Она поглядела на Андрея и поняла, что ему не до щей.

– Ну чай допьем, – предложила она, и Андрей согласился.

Андрей пил чай, глядел на Ольгу и вспоминал, как на этой самой кухне они после разлуки встретились с Женькой.


От осени не осталось и следа. В одно мгновение исчезла остаточная память о ней, и деревья стояли черными скелетами без единого листка. Ветер летел с севера и, устав в дороге, злобно лютовал с прохожими. Андрей не мог долго доказывать свою выносливость и то и дело забегал в магазины, чтобы чуть отогреться.

В подземном переходе он остановился послушать трогательного мужика, который, прикладывая ладонь к уху, хорошим, поставленным голосом пел русские песни и романсы: «Однозвучно звенит колокольчик, и дорога пылится слегка». Сумка перед ним была большая. И проходившие бросали в нее кто что мог из денег; слушателей не было, все куда-то спешили. Андрей тихо пошел дальше по переходу, вышел на другой стороне улицы и, дойдя до следующего перехода, спустился вниз. Тут бабы продавали овощи, зелень. Он прошел мимо и встал подальше у стены. Порылся в карманах и, не найдя ничего лучше, постелил на асфальт носовой платок. Стыд глодал его, но он закрыл глаза и тихо-тихо запел: «Однозвучно звенит колокольчик…» Люди шли, не видимые им, и он не знал, нравится ли им или нет его пение. Он представлял себя на сцене. Он пел: «На воздушном океане без руля и без ветрил тихо плавают в тумане хоры звездные светил». Концертный зал замер, внемля его голосу. Оркестр, мягко и виртуозно управляемый дирижером, выступал с полным пониманием, составляя гармонию звуков. Он чувствовал себя горным жителем, он был демоном, способным очаровывать и завораживать: «…к тебе я стану прилетать, гостить я буду до денницы, и на шелковые ресницы сны золотые навевать».

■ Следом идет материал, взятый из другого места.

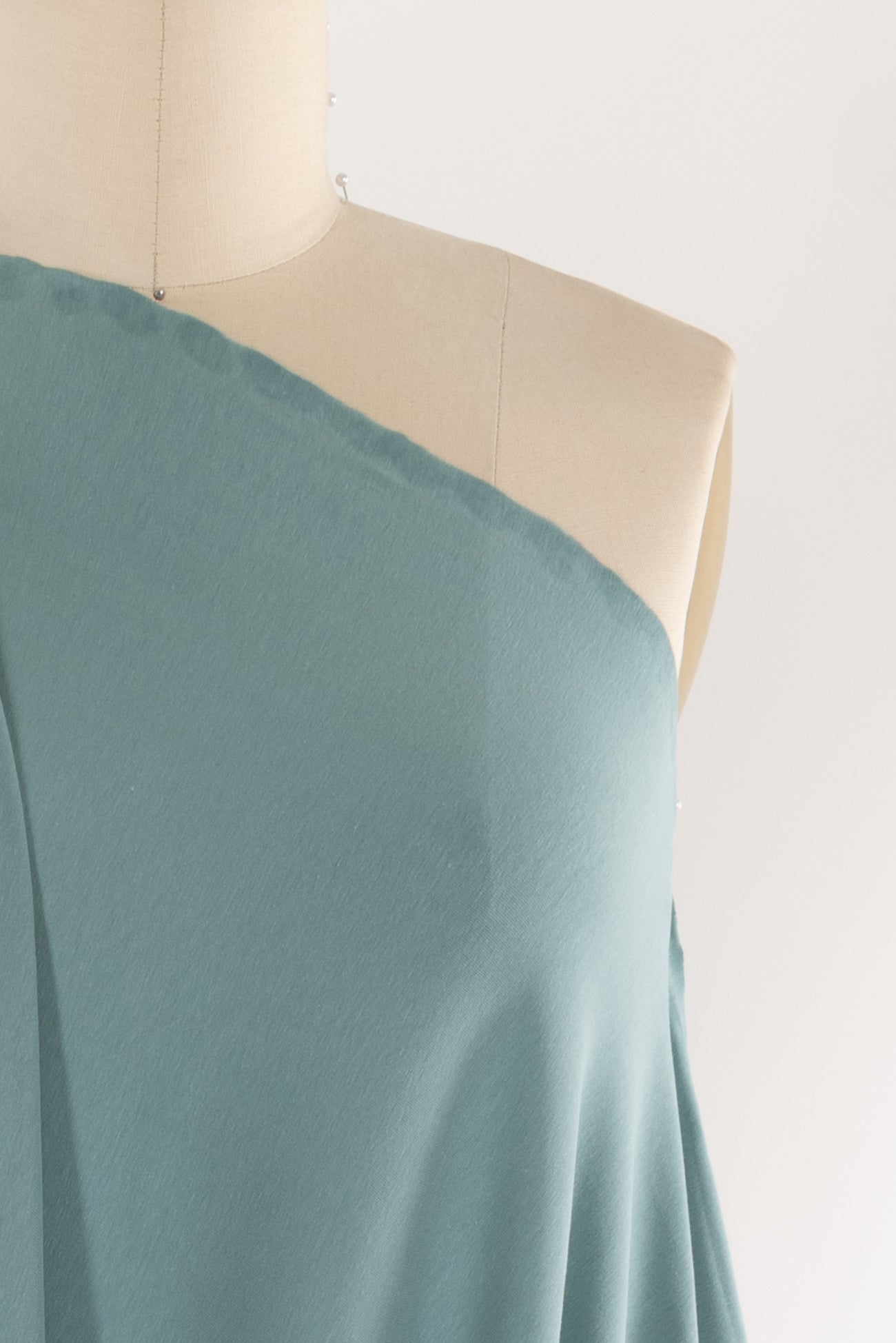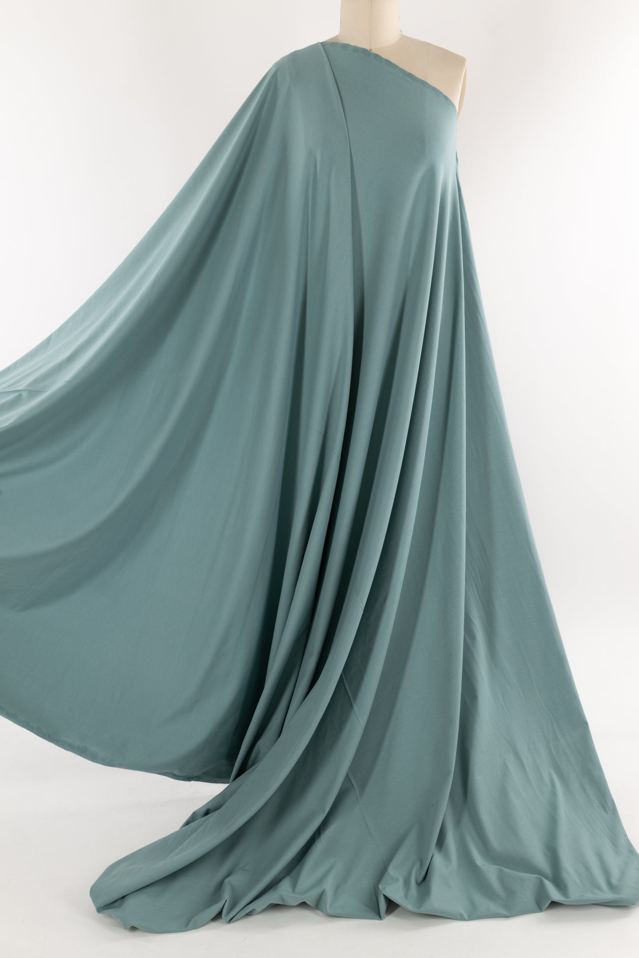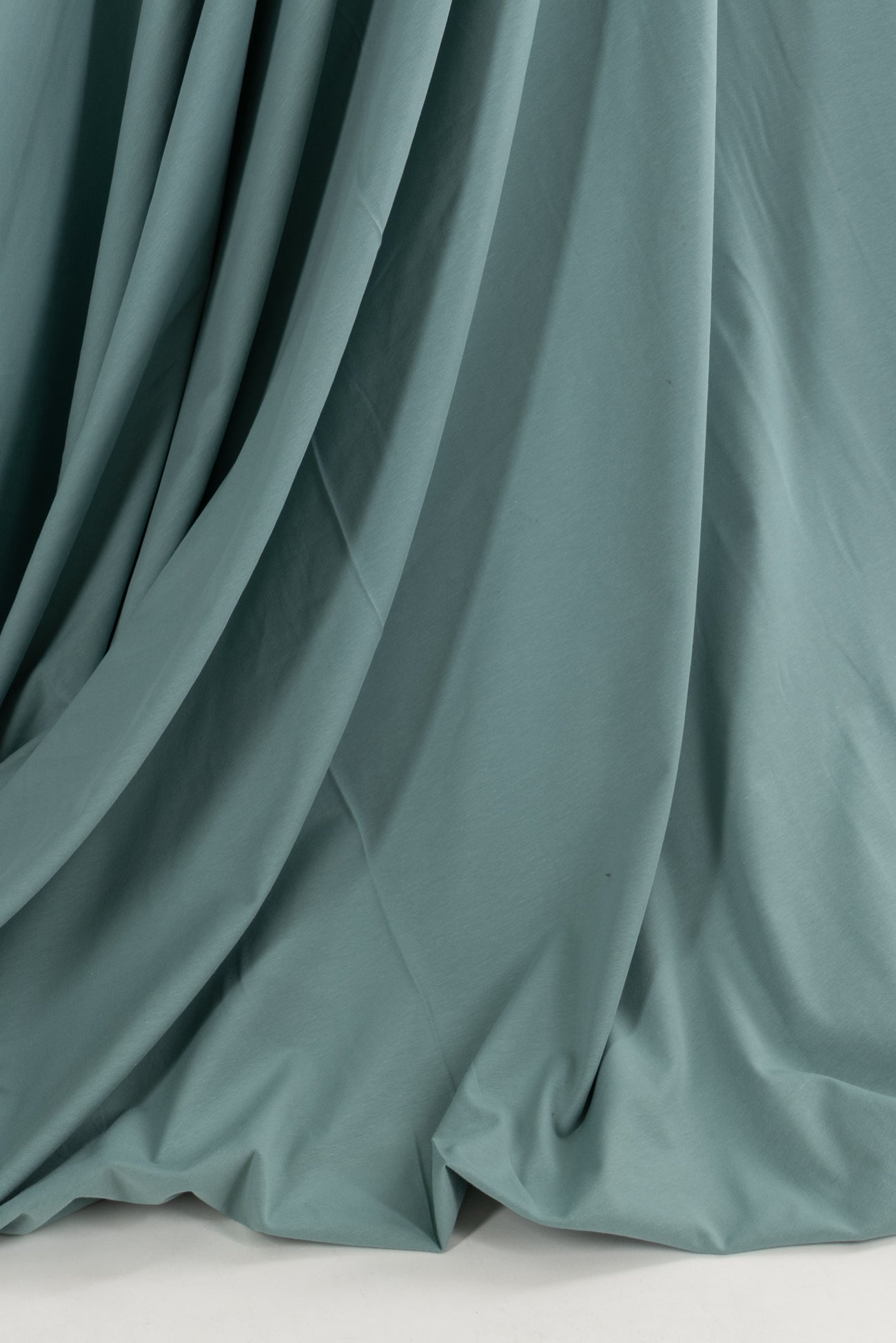 Muted pastel turquoise in an impeccable European quality cotton/spandex jersey knit, produced in Denmark. Light/mid-weight, opaque, and will skim the body in a flattering way. It has a soft, smooth hand, fluid drape, 4-way stretch and some rolling at the cut edge. Right for a variety of garments: t-shirt, tunic, dress, soft pants, leggings, cardigan, caftan, skirt, or lounge-wear, as well as children's and men's clothing. Oeko-Tex® certified.
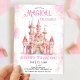 Girl Rosa Castle Princess 9th Födelsedagsfest Inbjudningar
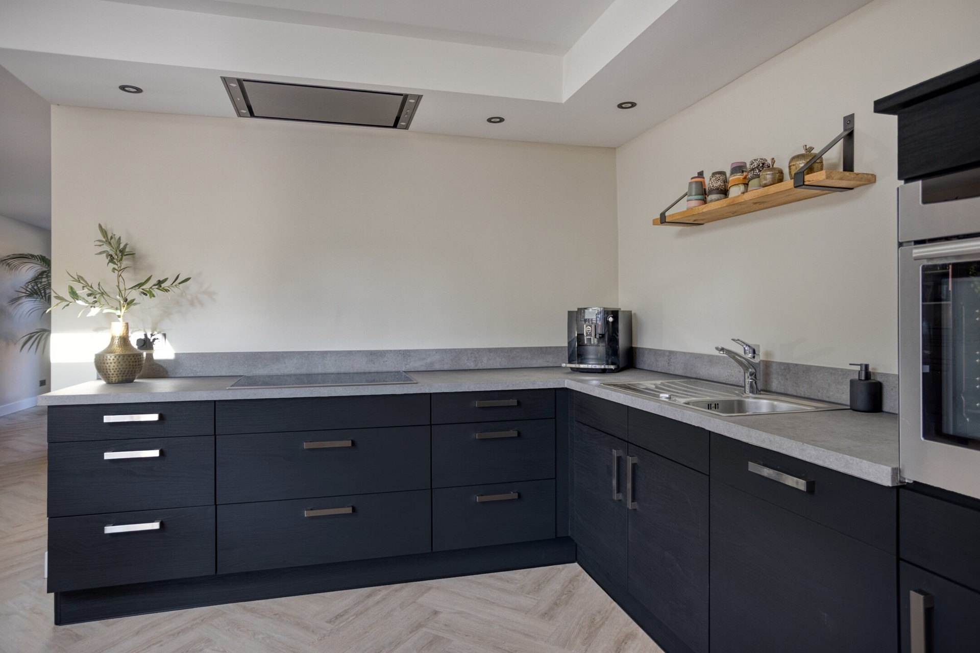 Entree; gave en goed onderhouden PVC visgraat vloer; net vrijdragend toilet met fonteintje; meterkast; toegang tot de woonkamer welke aan de voorzijde is gesitueerd en beschikt over een gaskachel. De eetkamer aan de achterzijde staat direct in verbinding met de moderne leefkeuken welke van alle gemakken én ruimte is voorzien. De keuken beschikt over o.a. een oven, vaatwasser, koelkast, kookplaat én afzuigkap incl. afstandsbediening. Vanuit de keuken is er middels het halletje, waar de Remeha CV ketel (2010, eigendom) en de witgoedaansluitingen bevinden, toegang tot de garage. De garage is ruim van formaat en biedt voldoende opbergruimte.
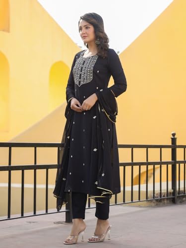 This specific kurta set is available in black, but variations in color may occur due to different screen resolutions.
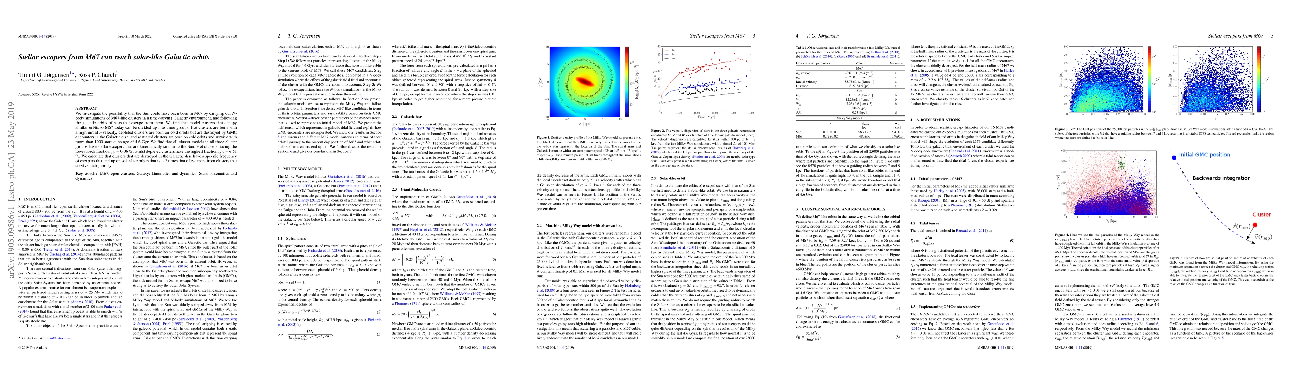 We investigate the possibility that the Sun could have been born in M67 by carrying out $N$-body simulations of M67-like clusters in a time-varying Galactic environment, and following the galactic orbits of stars that escape from them. We find that model clusters that occupy similar orbits to M67 today can be divided up into three groups. Hot clusters are born with a high initial $z$-velocity, depleted clusters are born on cold orbits but are destroyed by GMC encounters in the Galactic disc, and scattered clusters are born on cold orbits and survive with more than 1000 stars at an age of 4.6 Gyr. We find that all cluster models in all three cluster groups have stellar escapers that are kinematicaly similar to the Sun. Hot clusters having the lowest such fraction $f_{\odot} = 0.06$ %, whilst depleted clusters have the highest fraction, $f_{\odot} = 6.61$ %. We calculate that clusters that are destroyed in the Galactic disc have a specific frequency of escapers that end up on solar-like orbits that is $\sim$ 2 times that of escapers from clusters that survive their journey.
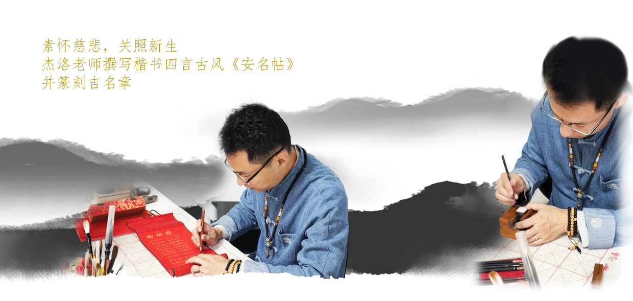 取名定毕,喜金厚重者,杰洛老师会用金墨锦帛楷书撰写四言古风体《安名帖》,或是为孩子手刻“吉名章”(篆刻姓名章),皆锦盒函之,算作是留给孩子的一个纪念,一份加持,您更可以持其在祖祠、寺庙、道观祈求平安,庄重其事。
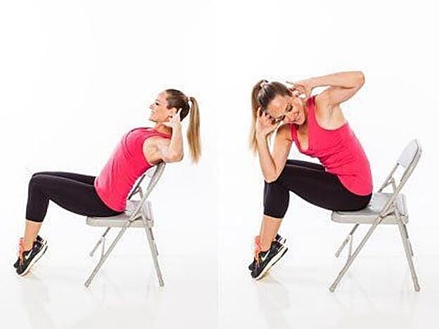 Sentada en la silla, coloca los brazos sobre la cabeza, eleva una rodilla y tócala con el codo contrario. Realiza el ejercicio 20 veces y descansa un minuto antes de volver a repetir.

Он открыл глаза. Аплодировали несколько человек, стоя в переходе, и он закивал им неуклюже и все-таки с чувством гордости. На платке лежало несколько бумажек. Он положил их в карман плаща и, нащупав, достал коробочку, о которой в волнении прощания с Ольгой забыл. Он открыл ее и вынул часы. Ручные часы старого друга. Он завел их и, спросив время у прохожего, поставил стрелки и, послушав ход, надел на руку; скомкав платок, зашагал по переходу мимо торговок зеленью и овощами, весело им подмигнув. Ему было совсем не холодно.